On Mon, 7 Aug 2017, Junio C Hamano wrote:

> Michael Forney <mforney@xxxxxxxxxxx> writes:
> 
> > This way, they still work even if the built-in symlinks aren't
> > installed.
> >
> > Signed-off-by: Michael Forney <mforney@xxxxxxxxxxx>
> > ---
> > It looks like there was an effort to do this a number of years ago (through
> > `make remove-dashes`). These are just a few I noticed were still left in the
> > .sh scripts.
> 
> Our goal was *not* to have *no* "git-foo" on the filesystem,
> though. It happened in v1.6.0 timeframe and it was about removing
> "git-foo" from end-user's $PATH.

That was in the v1.6.0 timeframe. It is past time to reconsider the goal,
though, as there is really very little use in keeping the dashed forms.

And it does hurt in some circumstances. Take for example .zip files: they
do not support hard-links. So if you need to distribute Git binaries in
.zip files, you are not only affected negatively by the less-than-stellar
compression ratio compared to .bz2 let alone LZMA, Git adds insult to
injury by *forcing* an additional inflation by pointlessly adding the
builtins *again*.

> Earlier there was a more ambitious proposal to remove all "git-foo"
> even from $GIT_EXEC_PATH for built-in commands, but that plan was
> scuttled [*1*].

That *1* is not a good reference, I am afraid. It says very little in
addition to paraphrased commands to stop responding (when a more civilized
call back to rational arguments might have been a lot more productive).

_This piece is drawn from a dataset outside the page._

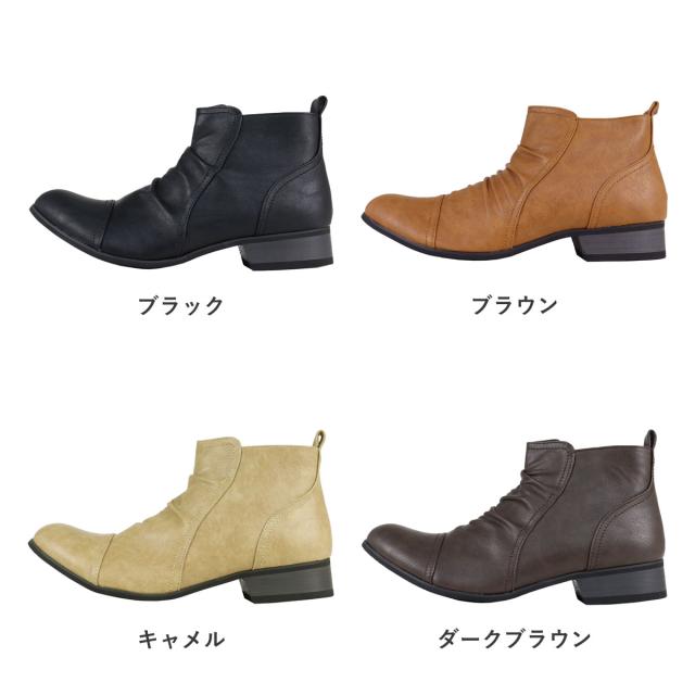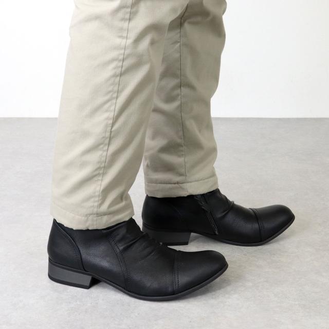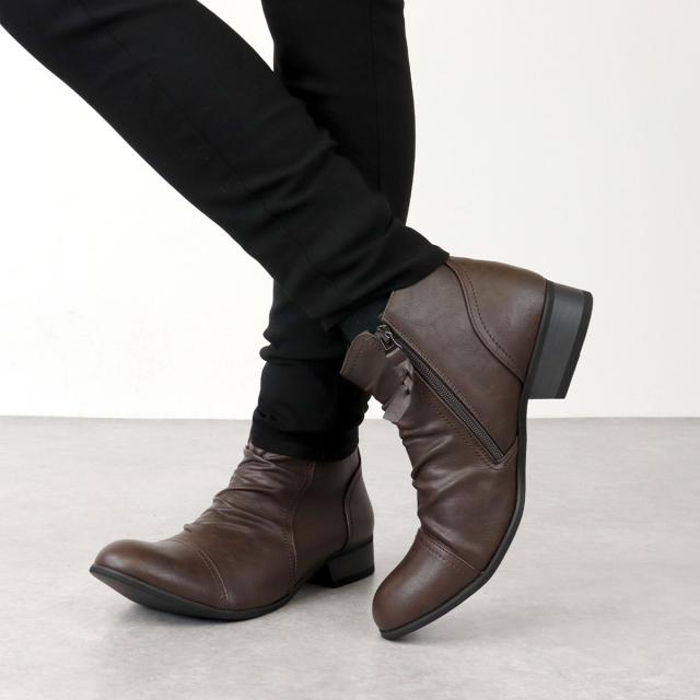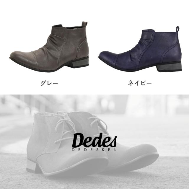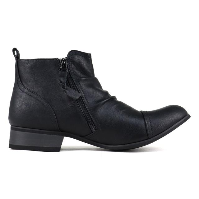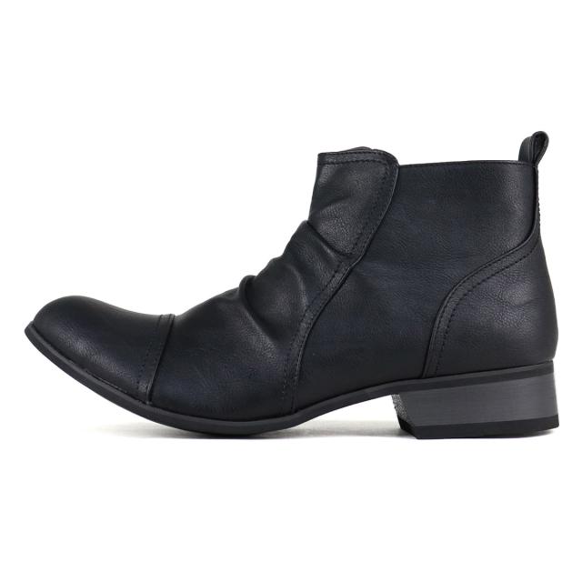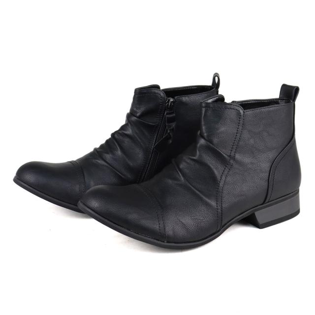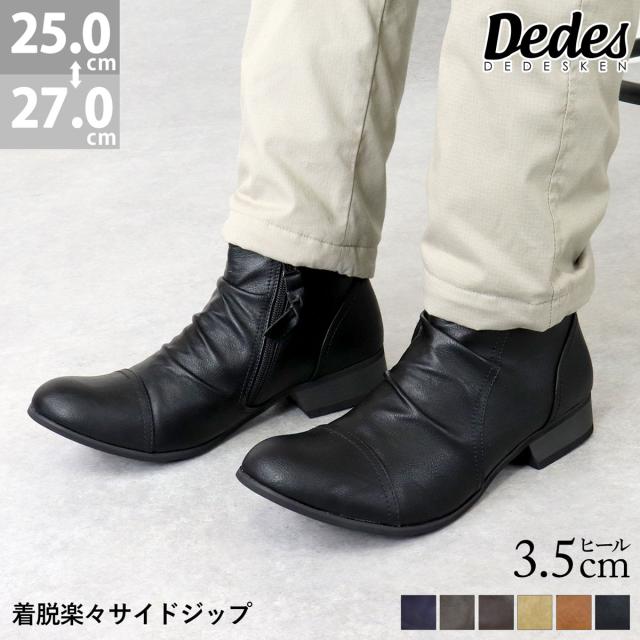 ショートブーツ エンジニアブーツ メンズ ドレープ サイドジップ PUレザー カジュアル 3.5cmヒール No.5156 25.0cm-27.0cm 黒 ブラック Dedes デデス

In that light, would you kindly explain in your own words what is your
current thinking on shipping dashed forms of builtins?

I mean, I can understand for git-upload-pack, to help with determining
permissions on server sides (it is easier to filter out all `git` commands
than to painstakingly look whether argv[1] equals `upload-pack`). It's
sort of a very unfortunate outlier.

But I cannot understand at all why we insist on installing hardlinked
copies (or not so hardlinked copies when hardlinks are unavailable) for
builtins, when these copies really outlived their usefulness a long, long
time ago.

So I would love to hear the arguments for keeping the dashed forms of
builtins, even if the only surviving argument may be "I dig in my feet
because I always said we'd keep them".